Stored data
------------------------------------------------

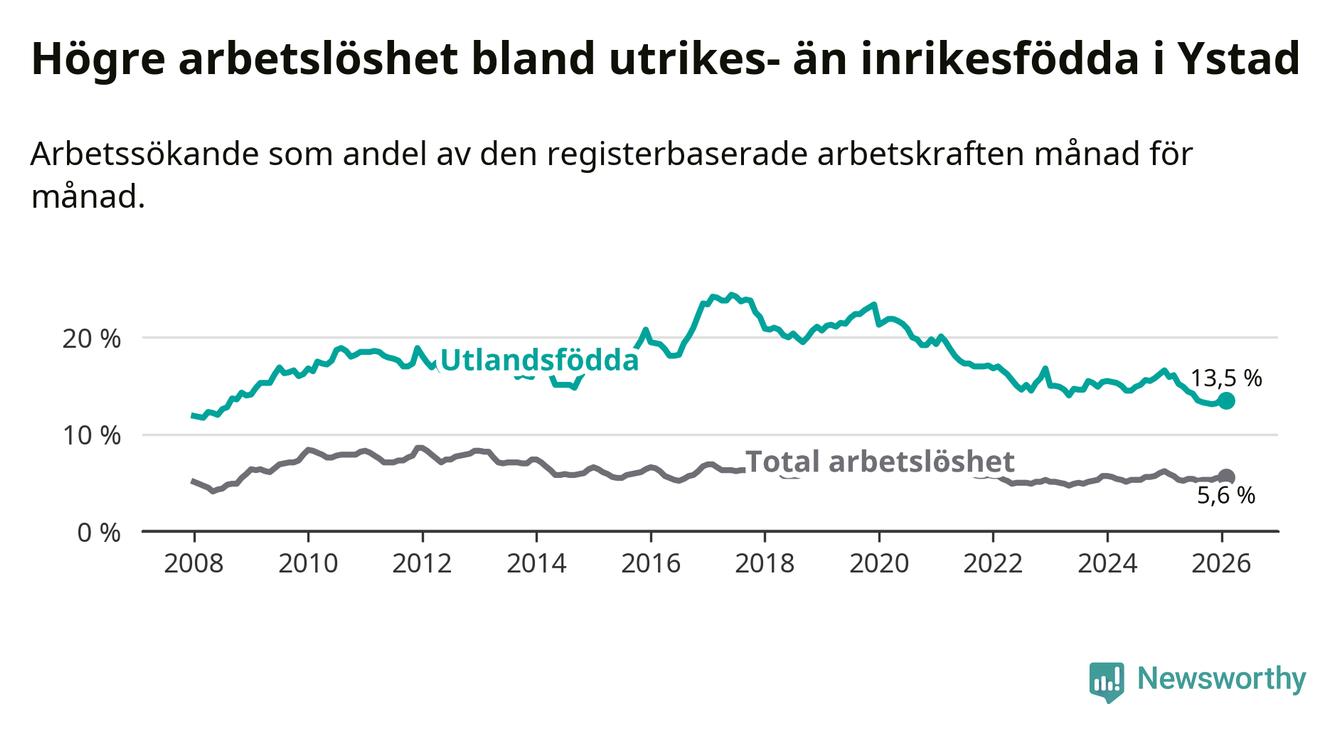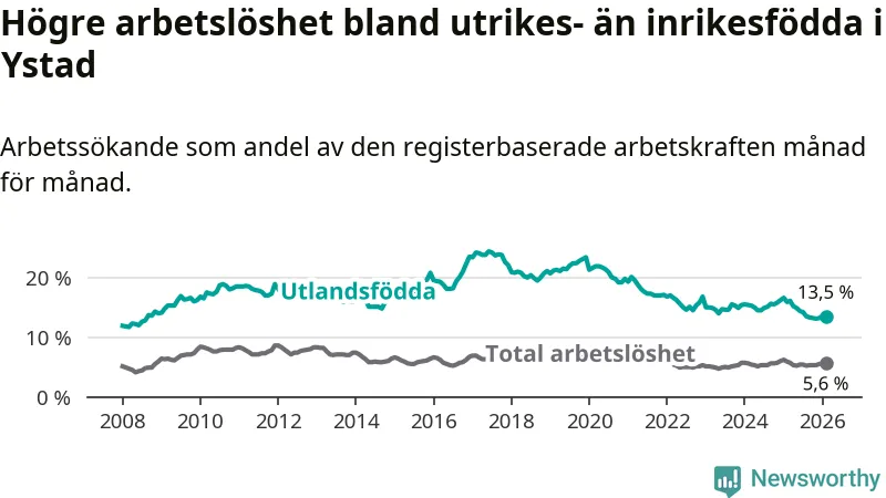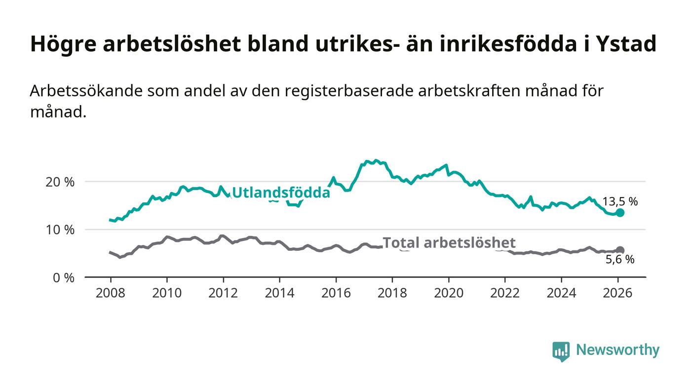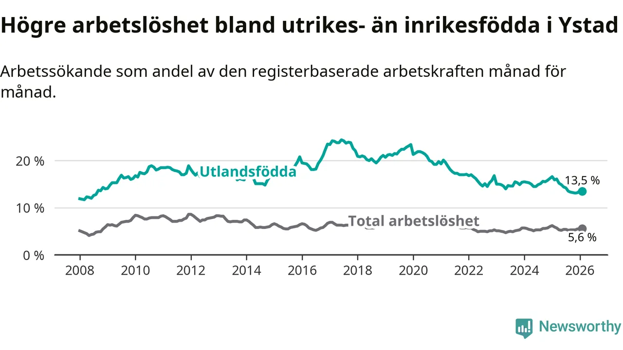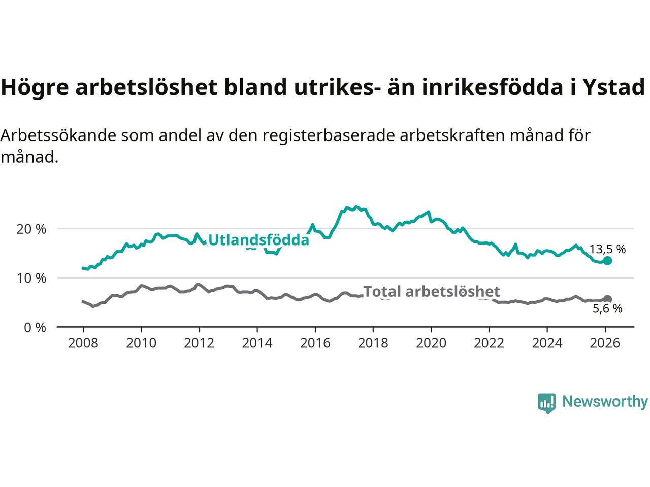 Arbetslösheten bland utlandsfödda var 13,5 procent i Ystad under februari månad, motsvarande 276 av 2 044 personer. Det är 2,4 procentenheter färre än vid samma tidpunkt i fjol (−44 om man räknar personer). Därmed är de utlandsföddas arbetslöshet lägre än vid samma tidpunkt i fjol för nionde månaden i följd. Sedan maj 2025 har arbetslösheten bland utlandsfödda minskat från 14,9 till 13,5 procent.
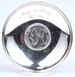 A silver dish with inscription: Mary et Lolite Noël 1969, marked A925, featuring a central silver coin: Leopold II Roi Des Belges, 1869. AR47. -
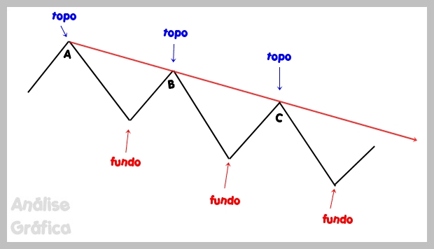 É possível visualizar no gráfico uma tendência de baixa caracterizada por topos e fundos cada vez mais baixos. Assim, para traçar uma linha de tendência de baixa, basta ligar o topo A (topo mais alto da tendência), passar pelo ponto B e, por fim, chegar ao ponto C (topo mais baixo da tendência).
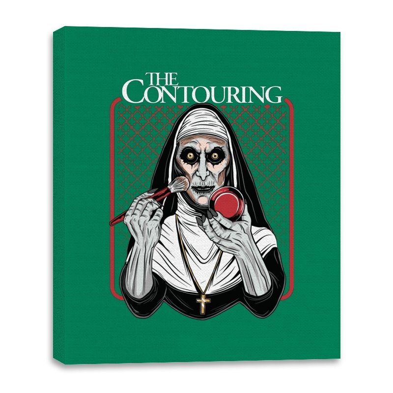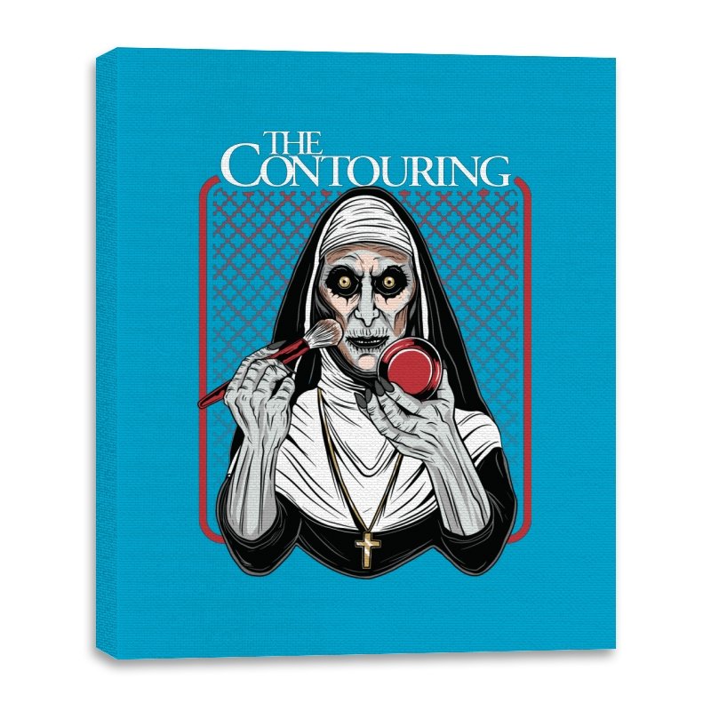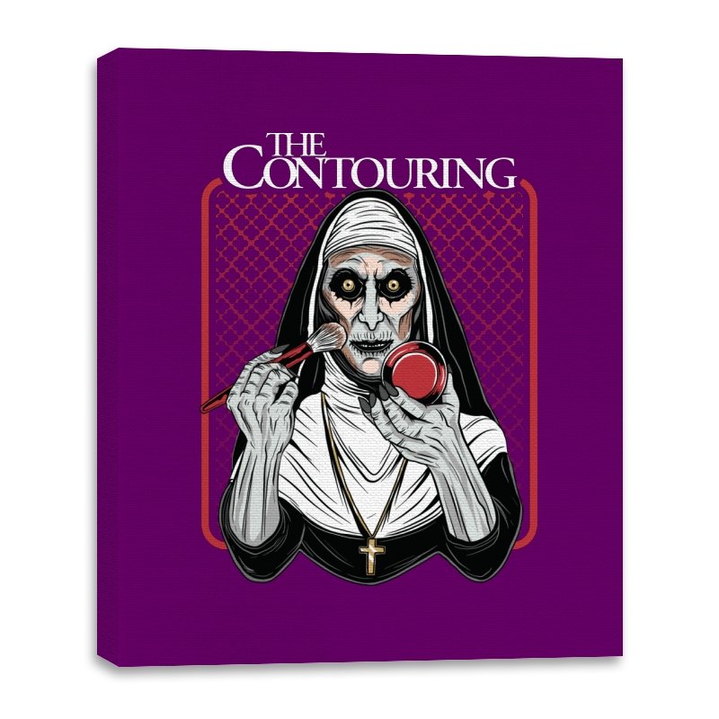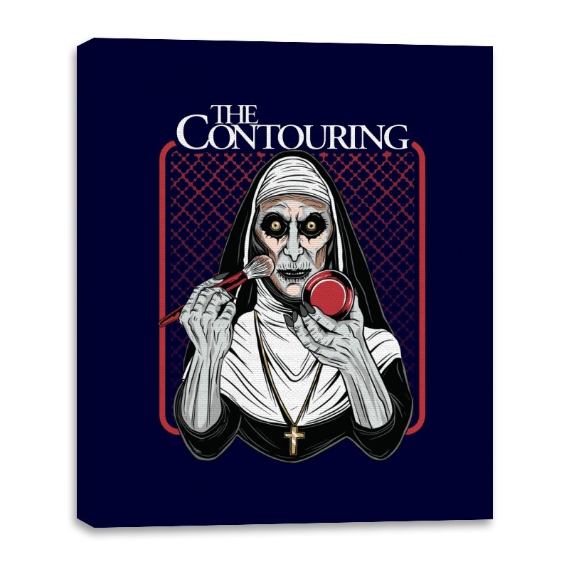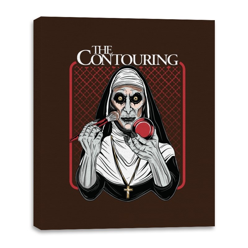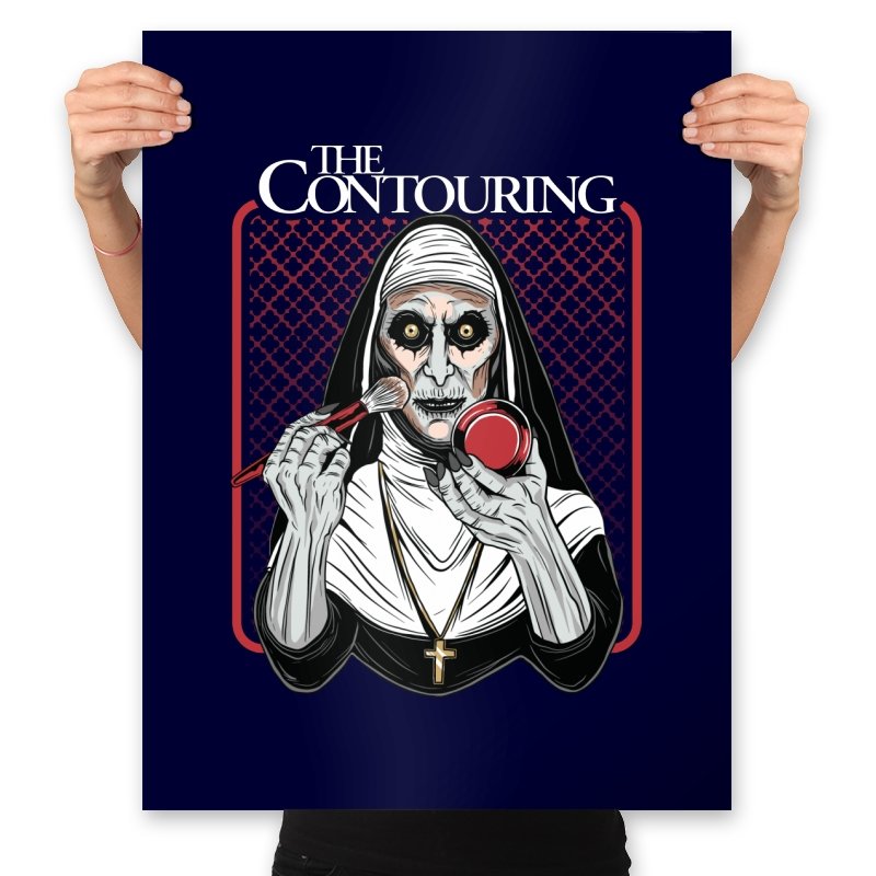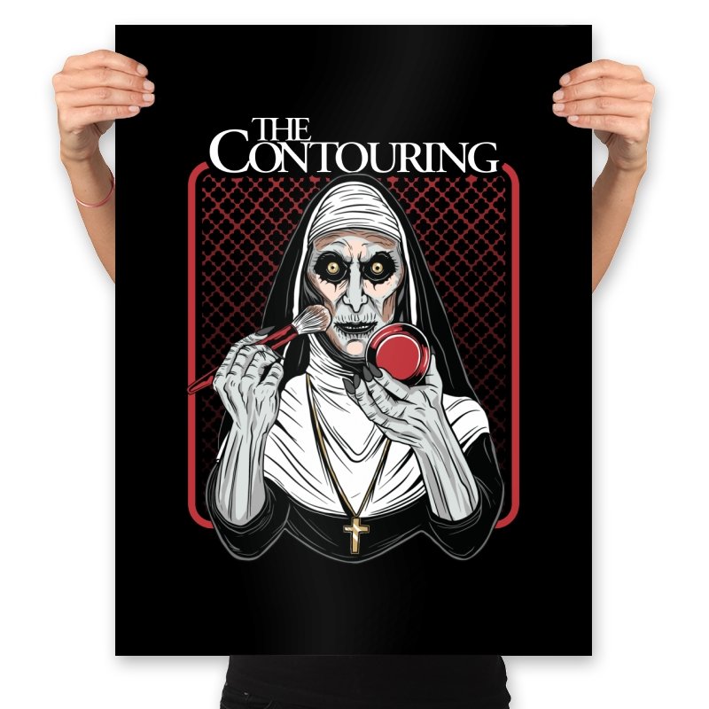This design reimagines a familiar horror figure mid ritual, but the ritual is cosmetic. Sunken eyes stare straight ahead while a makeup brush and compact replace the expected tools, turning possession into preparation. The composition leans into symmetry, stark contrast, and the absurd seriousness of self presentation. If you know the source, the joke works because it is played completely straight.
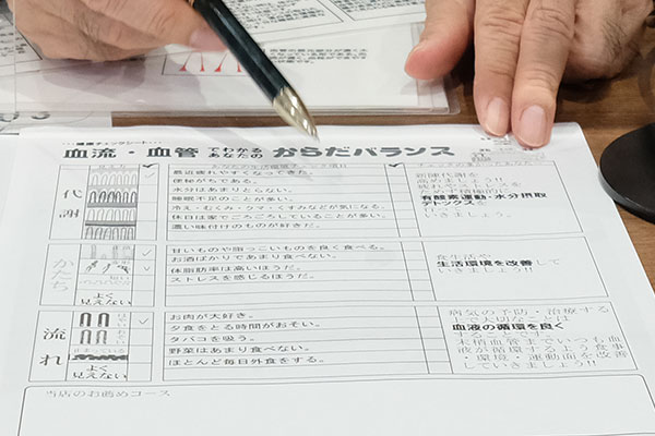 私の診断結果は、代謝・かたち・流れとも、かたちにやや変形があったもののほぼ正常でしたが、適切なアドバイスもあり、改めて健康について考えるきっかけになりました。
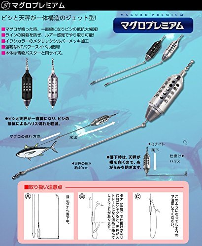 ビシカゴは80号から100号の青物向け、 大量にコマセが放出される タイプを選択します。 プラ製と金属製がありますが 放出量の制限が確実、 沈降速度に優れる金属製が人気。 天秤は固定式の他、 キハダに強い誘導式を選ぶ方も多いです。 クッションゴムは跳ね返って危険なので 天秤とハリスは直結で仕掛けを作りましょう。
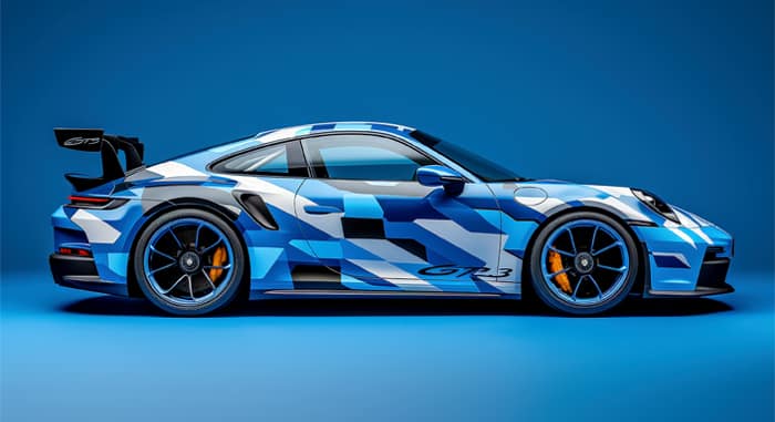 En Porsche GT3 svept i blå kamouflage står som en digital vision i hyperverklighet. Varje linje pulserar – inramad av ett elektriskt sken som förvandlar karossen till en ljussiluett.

------------------------------------------------

**Your objective**
Return exactly the lines that begin with the one containing "ビシカゴは80号から100号の青物向け、 大量にコマセが放出される タイプを選択します。" and end with the final line of the data above; include no pictures.

**Solution to this task**
 ビシカゴは80号から100号の青物向け、 大量にコマセが放出される タイプを選択します。 プラ製と金属製がありますが 放出量の制限が確実、 沈降速度に優れる金属製が人気。 天秤は固定式の他、 キハダに強い誘導式を選ぶ方も多いです。 クッションゴムは跳ね返って危険なので 天秤とハリスは直結で仕掛けを作りましょう。
 En Porsche GT3 svept i blå kamouflage står som en digital vision i hyperverklighet. Varje linje pulserar – inramad av ett elektriskt sken som förvandlar karossen till en ljussiluett.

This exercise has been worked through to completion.